- Opening Delimiter -

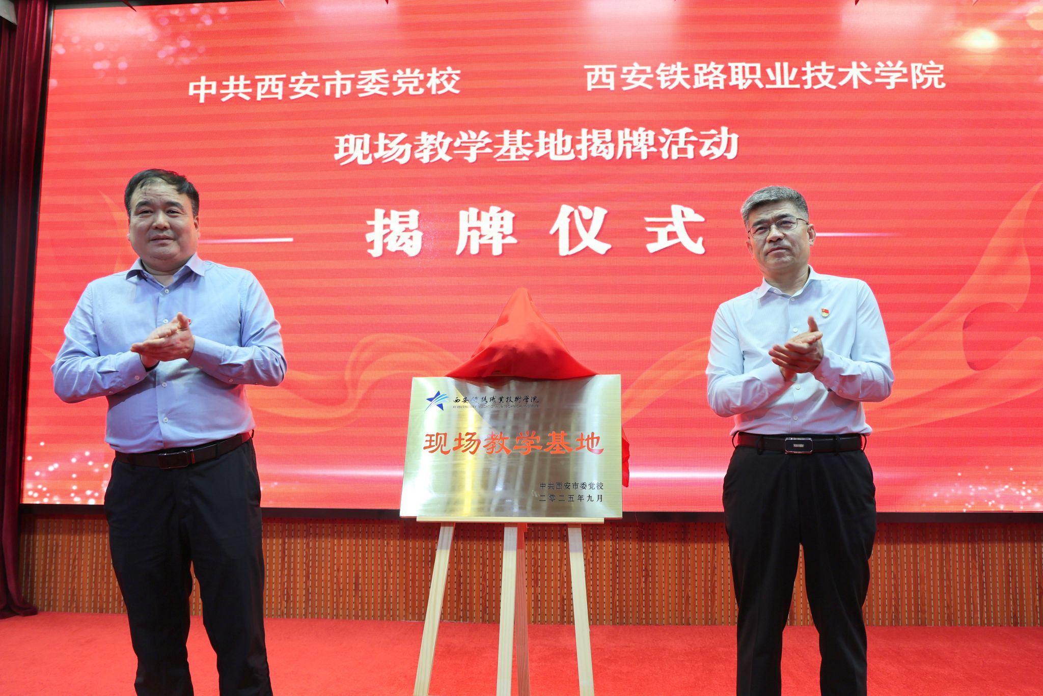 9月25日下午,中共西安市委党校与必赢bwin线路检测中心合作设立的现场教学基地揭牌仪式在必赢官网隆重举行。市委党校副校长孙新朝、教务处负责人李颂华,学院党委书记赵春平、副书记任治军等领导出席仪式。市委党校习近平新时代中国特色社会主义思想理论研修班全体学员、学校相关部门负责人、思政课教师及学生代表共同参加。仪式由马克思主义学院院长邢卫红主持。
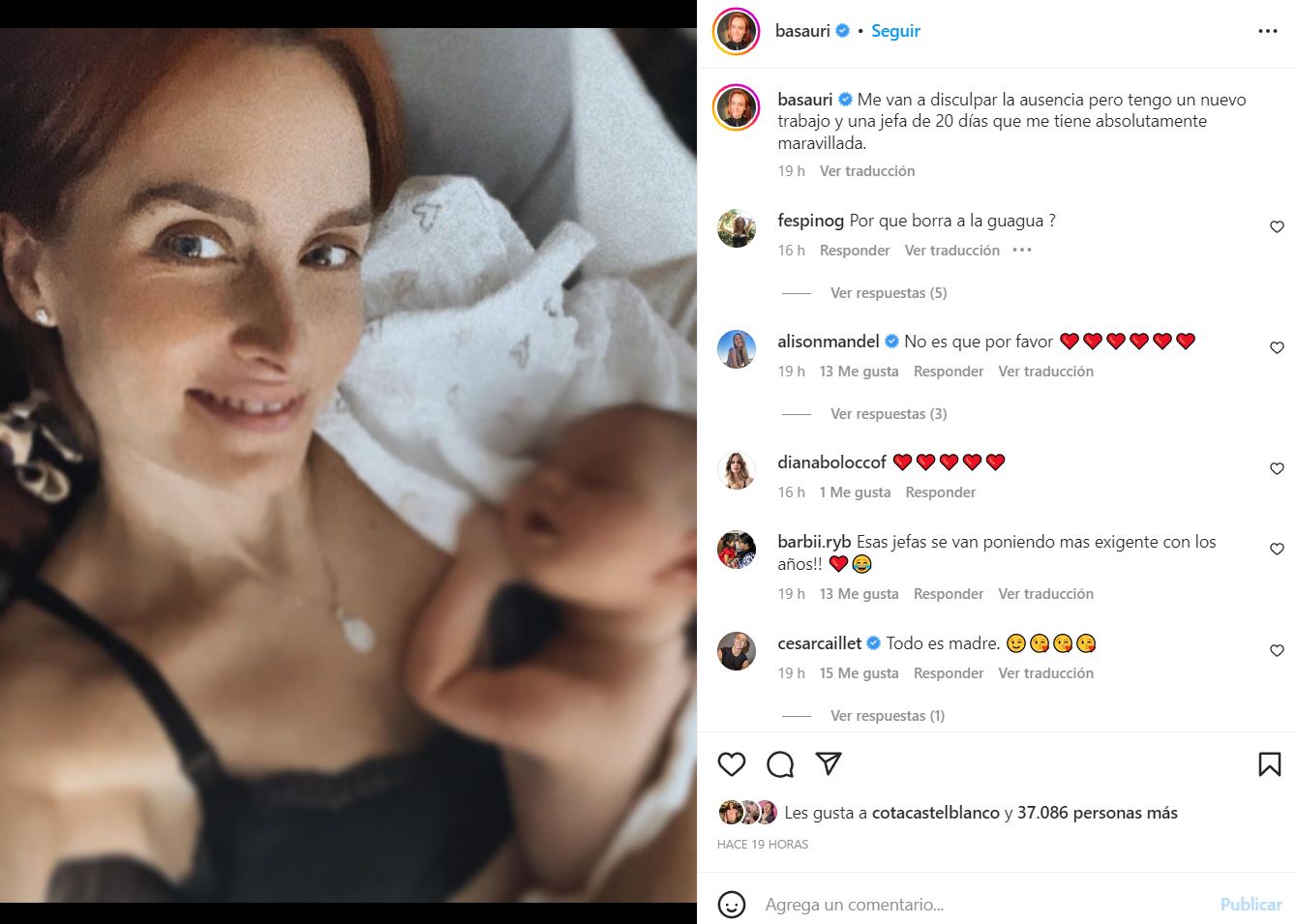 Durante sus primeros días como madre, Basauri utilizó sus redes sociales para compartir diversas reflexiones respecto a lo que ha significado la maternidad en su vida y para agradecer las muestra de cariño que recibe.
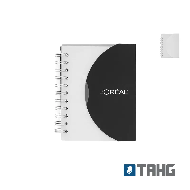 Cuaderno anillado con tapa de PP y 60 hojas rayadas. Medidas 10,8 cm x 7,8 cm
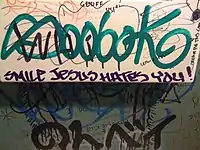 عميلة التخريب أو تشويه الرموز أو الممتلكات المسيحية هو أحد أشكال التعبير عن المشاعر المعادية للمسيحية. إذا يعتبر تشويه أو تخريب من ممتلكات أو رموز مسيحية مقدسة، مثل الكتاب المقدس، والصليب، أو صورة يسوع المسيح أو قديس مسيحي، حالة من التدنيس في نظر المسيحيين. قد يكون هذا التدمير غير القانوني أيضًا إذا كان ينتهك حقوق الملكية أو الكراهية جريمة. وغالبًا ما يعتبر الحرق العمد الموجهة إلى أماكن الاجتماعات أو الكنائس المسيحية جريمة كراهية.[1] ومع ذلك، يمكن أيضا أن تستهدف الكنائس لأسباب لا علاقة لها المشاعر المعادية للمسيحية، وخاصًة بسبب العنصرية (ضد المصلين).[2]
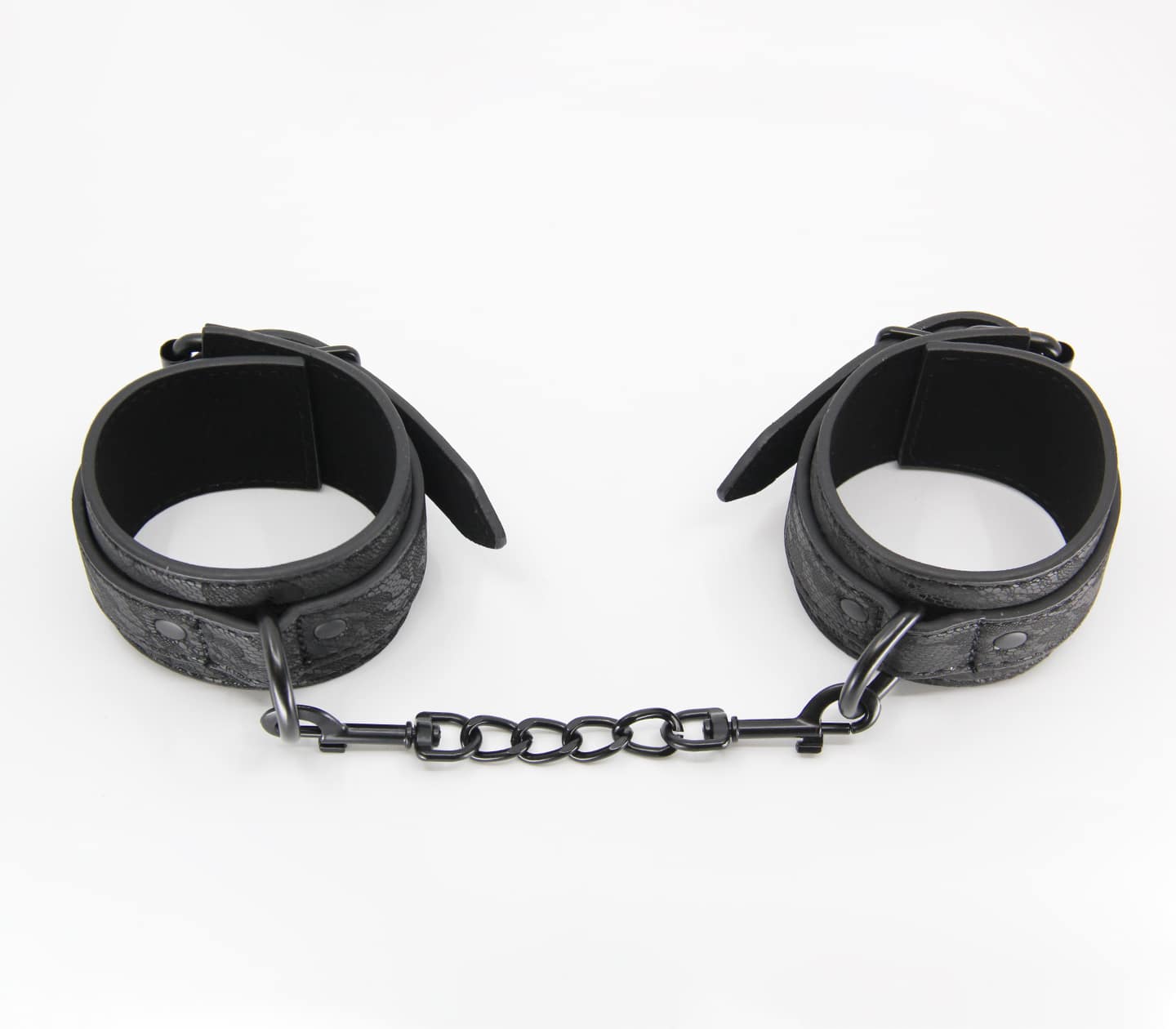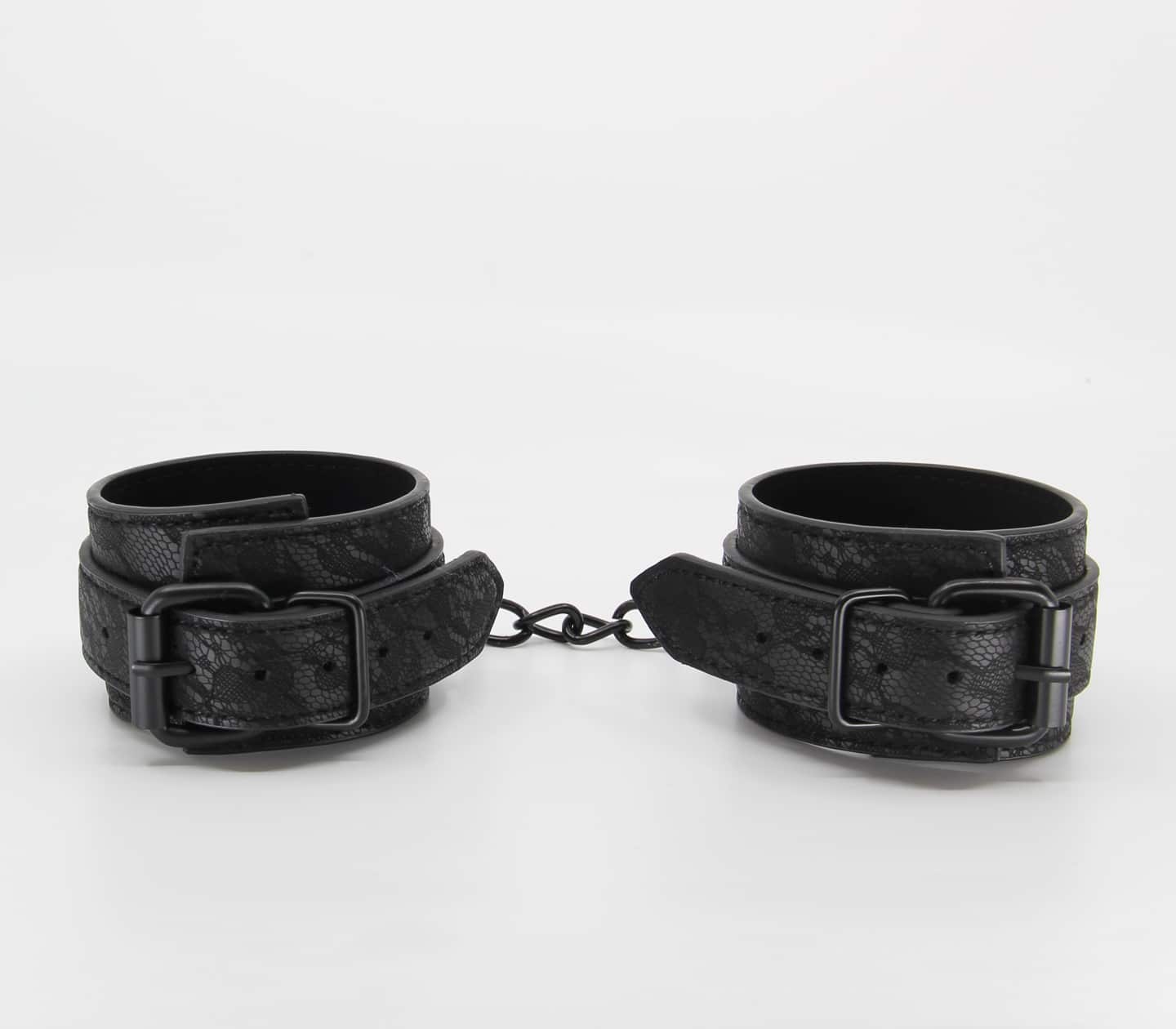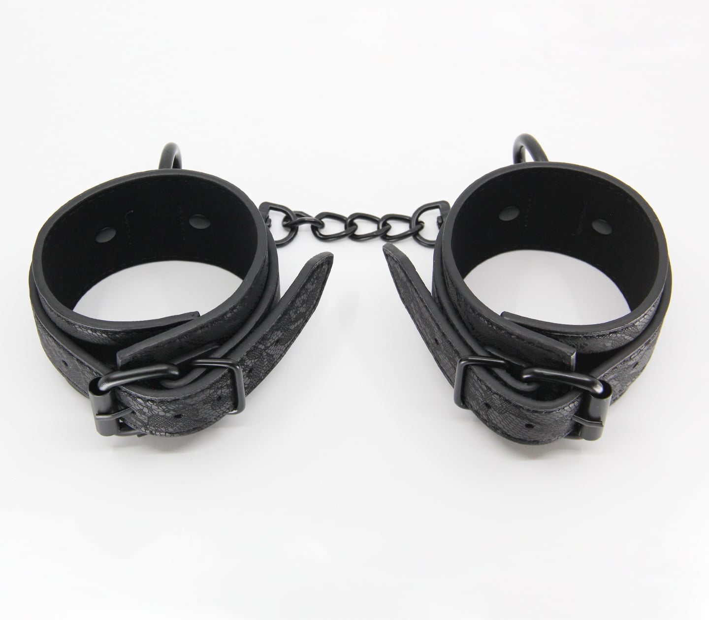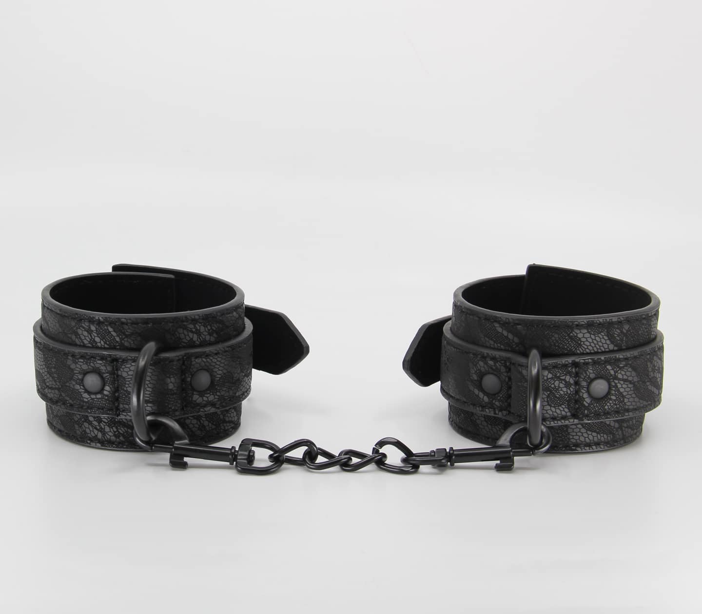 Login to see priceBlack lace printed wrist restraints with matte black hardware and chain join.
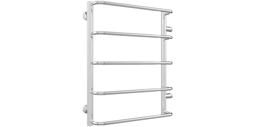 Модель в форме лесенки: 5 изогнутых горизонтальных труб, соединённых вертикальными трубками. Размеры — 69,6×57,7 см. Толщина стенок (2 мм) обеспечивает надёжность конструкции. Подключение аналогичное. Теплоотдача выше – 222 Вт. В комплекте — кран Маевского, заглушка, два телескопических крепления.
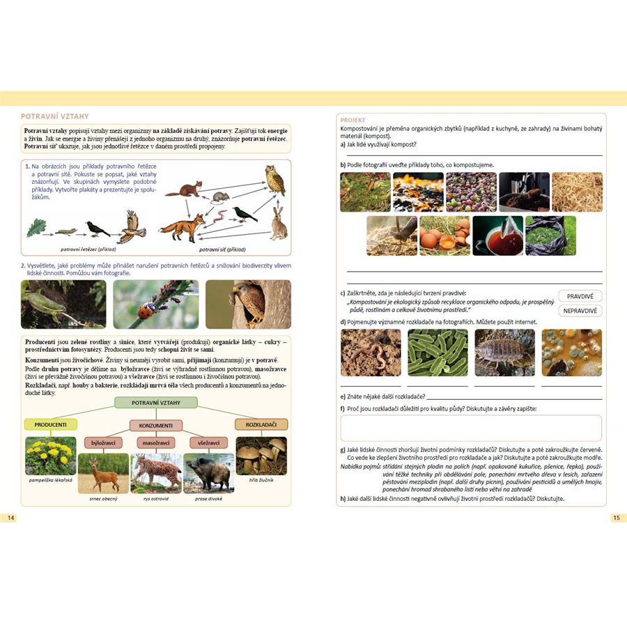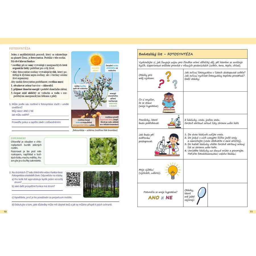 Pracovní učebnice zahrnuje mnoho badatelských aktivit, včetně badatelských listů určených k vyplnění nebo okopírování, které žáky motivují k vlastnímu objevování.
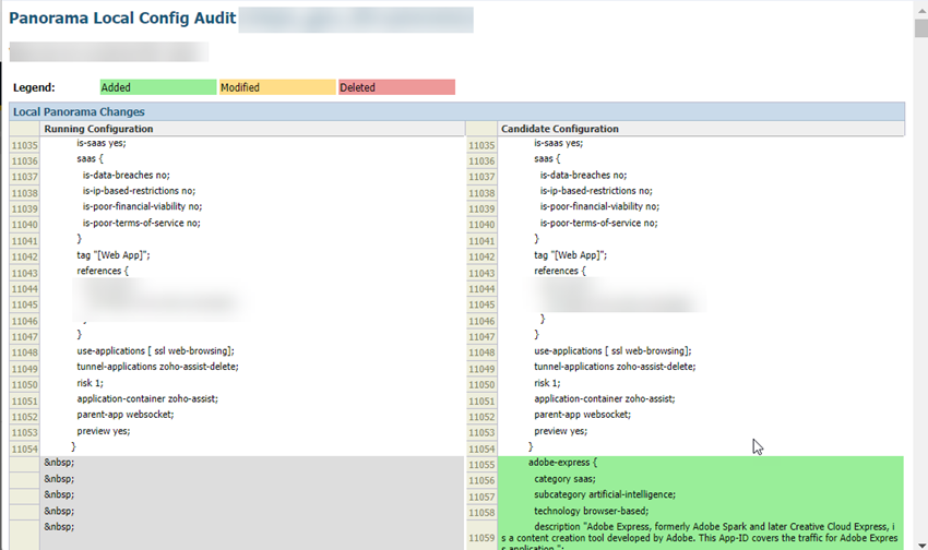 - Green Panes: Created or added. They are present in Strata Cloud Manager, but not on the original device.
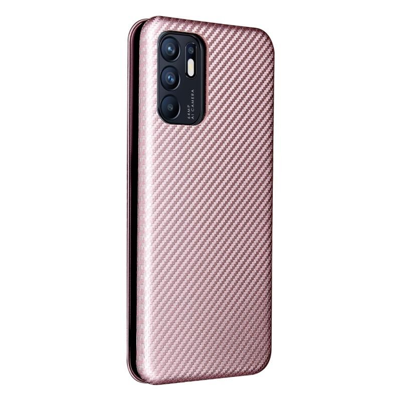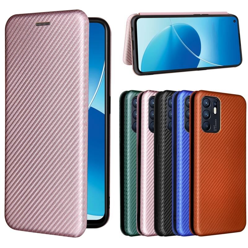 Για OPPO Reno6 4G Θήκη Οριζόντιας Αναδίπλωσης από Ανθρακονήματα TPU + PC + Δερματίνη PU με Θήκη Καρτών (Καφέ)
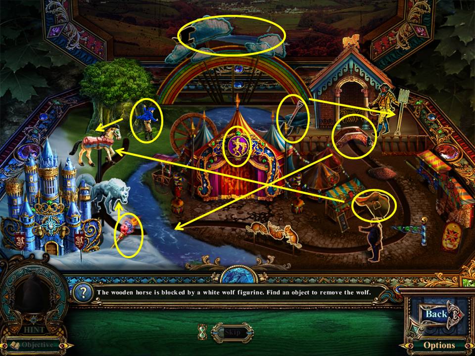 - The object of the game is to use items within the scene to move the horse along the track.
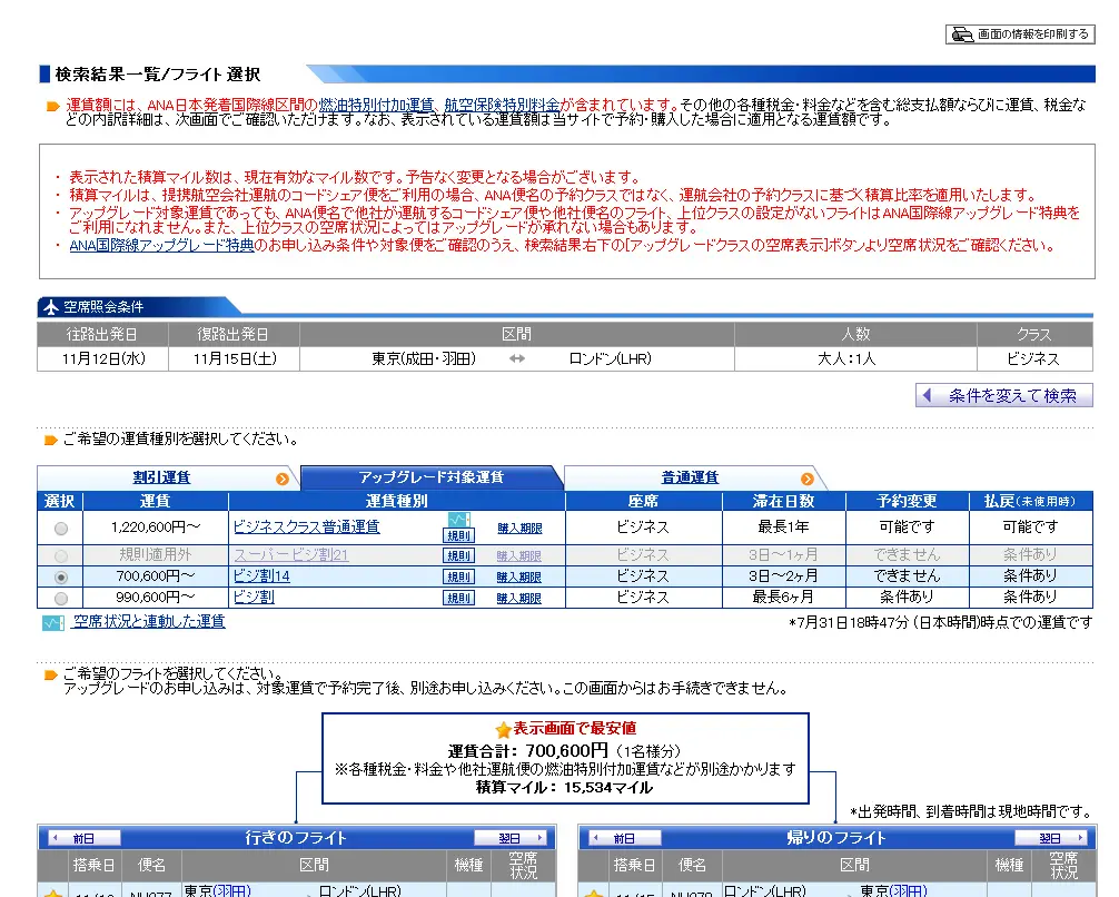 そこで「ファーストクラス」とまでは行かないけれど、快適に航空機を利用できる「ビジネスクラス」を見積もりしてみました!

- Closing Delimiter -

**What is being asked**
Copy every line exactly, from the opening line of the entries down to the line holding "Login to see", and keep the pictures out.

**Task result**
 9月25日下午,中共西安市委党校与必赢bwin线路检测中心合作设立的现场教学基地揭牌仪式在必赢官网隆重举行。市委党校副校长孙新朝、教务处负责人李颂华,学院党委书记赵春平、副书记任治军等领导出席仪式。市委党校习近平新时代中国特色社会主义思想理论研修班全体学员、学校相关部门负责人、思政课教师及学生代表共同参加。仪式由马克思主义学院院长邢卫红主持。
 Durante sus primeros días como madre, Basauri utilizó sus redes sociales para compartir diversas reflexiones respecto a lo que ha significado la maternidad en su vida y para agradecer las muestra de cariño que recibe.
 Cuaderno anillado con tapa de PP y 60 hojas rayadas. Medidas 10,8 cm x 7,8 cm
 عميلة التخريب أو تشويه الرموز أو الممتلكات المسيحية هو أحد أشكال التعبير عن المشاعر المعادية للمسيحية. إذا يعتبر تشويه أو تخريب من ممتلكات أو رموز مسيحية مقدسة، مثل الكتاب المقدس، والصليب، أو صورة يسوع المسيح أو قديس مسيحي، حالة من التدنيس في نظر المسيحيين. قد يكون هذا التدمير غير القانوني أيضًا إذا كان ينتهك حقوق الملكية أو الكراهية جريمة. وغالبًا ما يعتبر الحرق العمد الموجهة إلى أماكن الاجتماعات أو الكنائس المسيحية جريمة كراهية.[1] ومع ذلك، يمكن أيضا أن تستهدف الكنائس لأسباب لا علاقة لها المشاعر المعادية للمسيحية، وخاصًة بسبب العنصرية (ضد المصلين).[2]
 Login to see priceBlack lace printed wrist restraints with matte black hardware and chain join.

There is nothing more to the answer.